- **Work order**: When you reproduce these records, keep every word exactly and drop the images.

- **Data supplied**:

◇ ◇ ◇

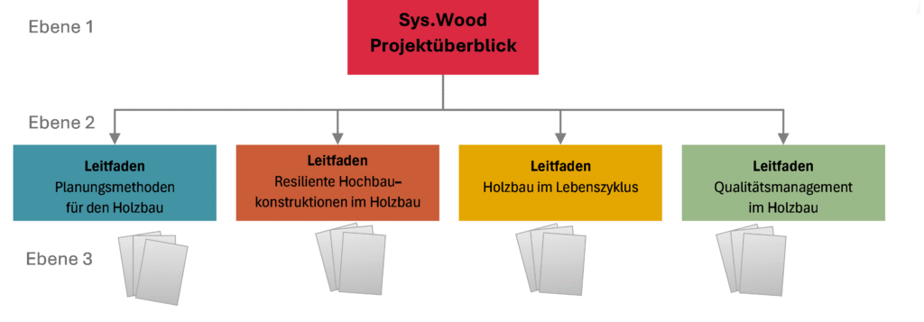 Sys.Wood bietet Empfehlungen zur systematischen Weiterentwicklung und Prozessoptimierung für die österreichische Holzbaupraxis. Das kooperative Forschungsprojekt aus Wissenschaft und Praxis stellt eine interdisziplinäre und praxisnahe Betrachtung sicher. Die Bearbeitung erfolgte in vier fachlichen Arbeitspaketen die gemeinsam den gesamten Lebenszyklus von Holz-Hochbauten beleuchten.
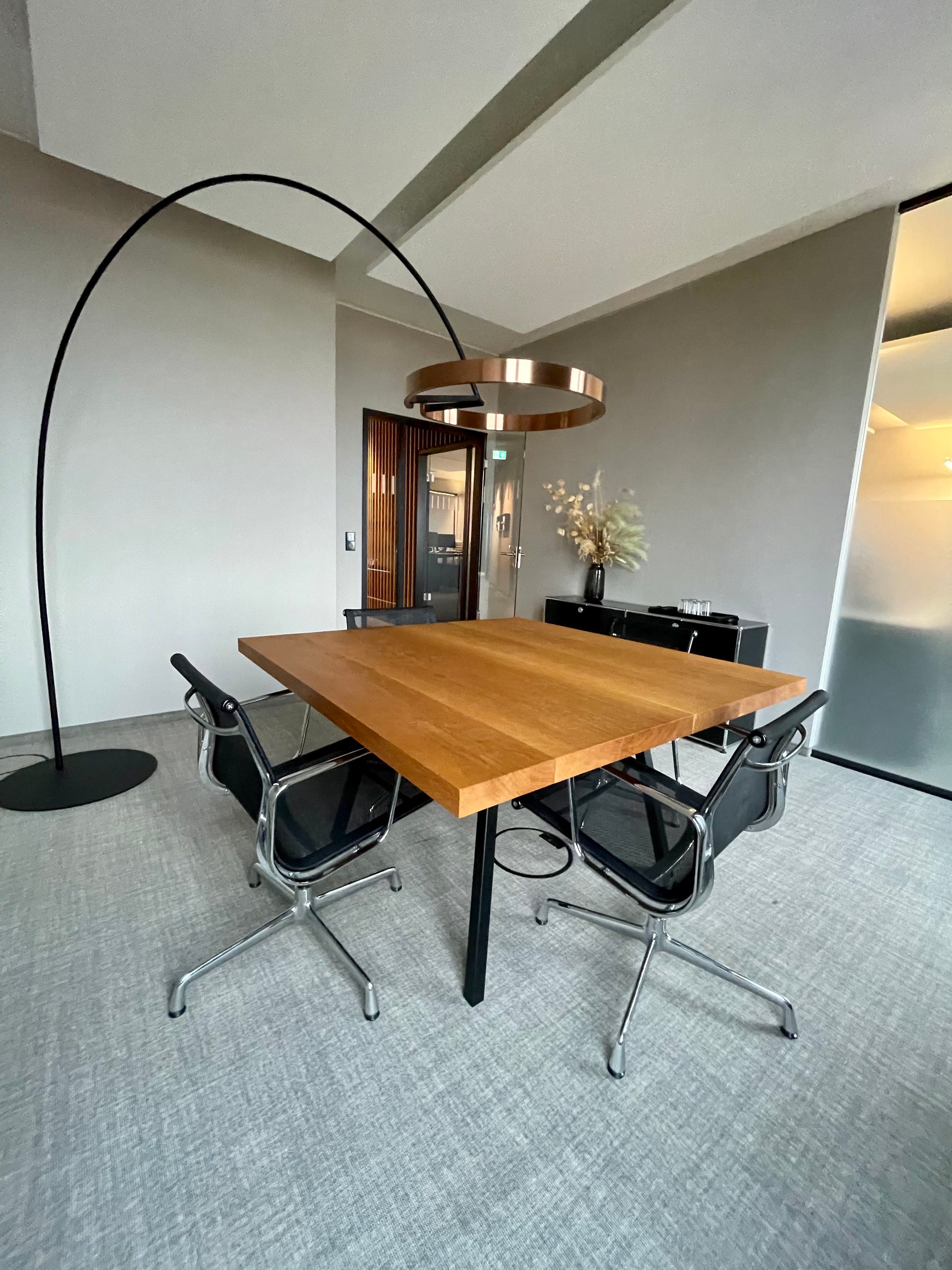 Dieser Konferenztisch wird nach Maß gefertigt. Neben den Standardgrößen können individuelle Anpassungen in Größe, Holzart und Gestellform vorgenommen werden.
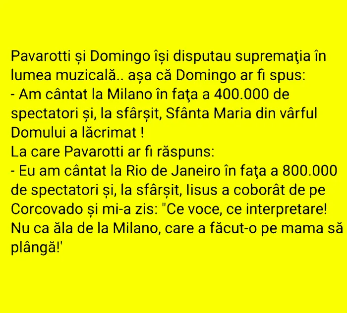 Dacă e sâmbătă, atunci e timpul să vă delectăm cu un nou banc haios. De data aceasta, artiștii Pavarotti și Domingo își dispută supremația în lumea muzicală. Iată cum sună bancul!
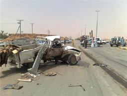 أصيب مواطنان ووافد باكستاني صباح الثلاثاء لدى تصادم بين ثلاث سيارات عند تقاطع شارع الملك عبدالله مع شارع الأمير عبدالله بن مساعد برفحاء، ممّا أدّى إلى اشتعال إحداها. وكان قائد سيارة من نوع كامري كان يسير بسرعة عالية على طريق الملك عبدالله فاصطدم بسيارة من نوع هايلكس يقودها وافد قادم من الطريق الآخر، ودفع ذلك سيارته إلى الجانب المعاكس ممّا أدى إلى اصطدامها بسيارة كامري أخرى عابرة.
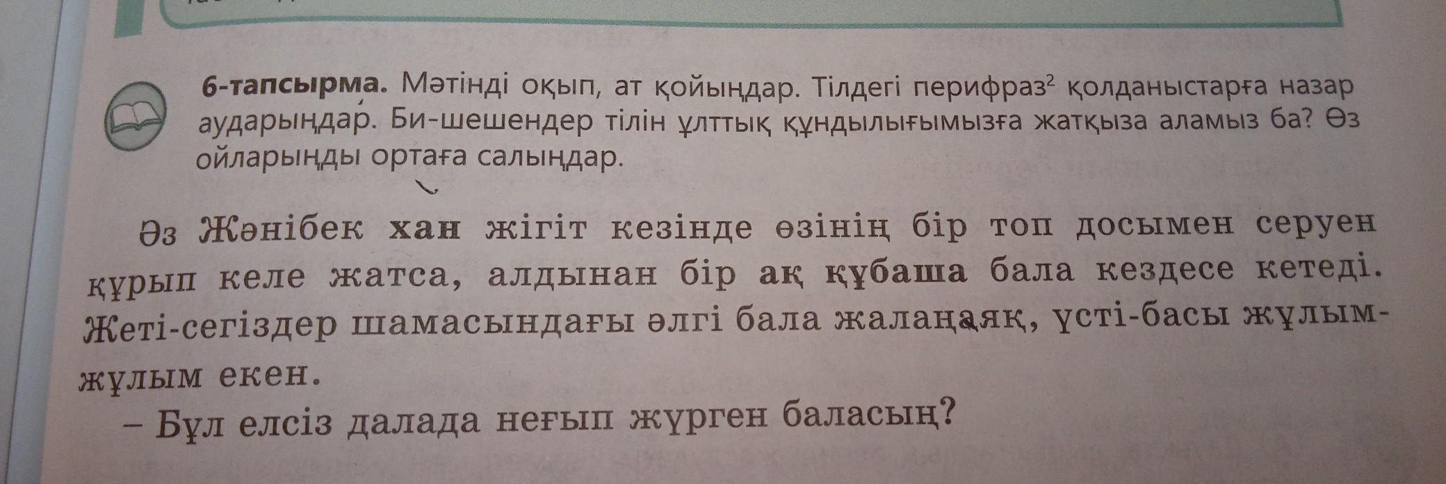 мәтінді оқып, ат қойындар. тілдегі перифраз² қолданыстарға назар аударындар. би шешендер тілін ұлттық құндылығымызға жатқыза аламыз ба? өз ойларын ды ортаға салындар.

◇ ◇ ◇

- **Answer section**:
 Sys.Wood bietet Empfehlungen zur systematischen Weiterentwicklung und Prozessoptimierung für die österreichische Holzbaupraxis. Das kooperative Forschungsprojekt aus Wissenschaft und Praxis stellt eine interdisziplinäre und praxisnahe Betrachtung sicher. Die Bearbeitung erfolgte in vier fachlichen Arbeitspaketen die gemeinsam den gesamten Lebenszyklus von Holz-Hochbauten beleuchten.
 Dieser Konferenztisch wird nach Maß gefertigt. Neben den Standardgrößen können individuelle Anpassungen in Größe, Holzart und Gestellform vorgenommen werden.
 Dacă e sâmbătă, atunci e timpul să vă delectăm cu un nou banc haios. De data aceasta, artiștii Pavarotti și Domingo își dispută supremația în lumea muzicală. Iată cum sună bancul!
 أصيب مواطنان ووافد باكستاني صباح الثلاثاء لدى تصادم بين ثلاث سيارات عند تقاطع شارع الملك عبدالله مع شارع الأمير عبدالله بن مساعد برفحاء، ممّا أدّى إلى اشتعال إحداها. وكان قائد سيارة من نوع كامري كان يسير بسرعة عالية على طريق الملك عبدالله فاصطدم بسيارة من نوع هايلكس يقودها وافد قادم من الطريق الآخر، ودفع ذلك سيارته إلى الجانب المعاكس ممّا أدى إلى اصطدامها بسيارة كامري أخرى عابرة.
 мәтінді оқып, ат қойындар. тілдегі перифраз² қолданыстарға назар аударындар. би шешендер тілін ұлттық құндылығымызға жатқыза аламыз ба? өз ойларын ды ортаға салындар.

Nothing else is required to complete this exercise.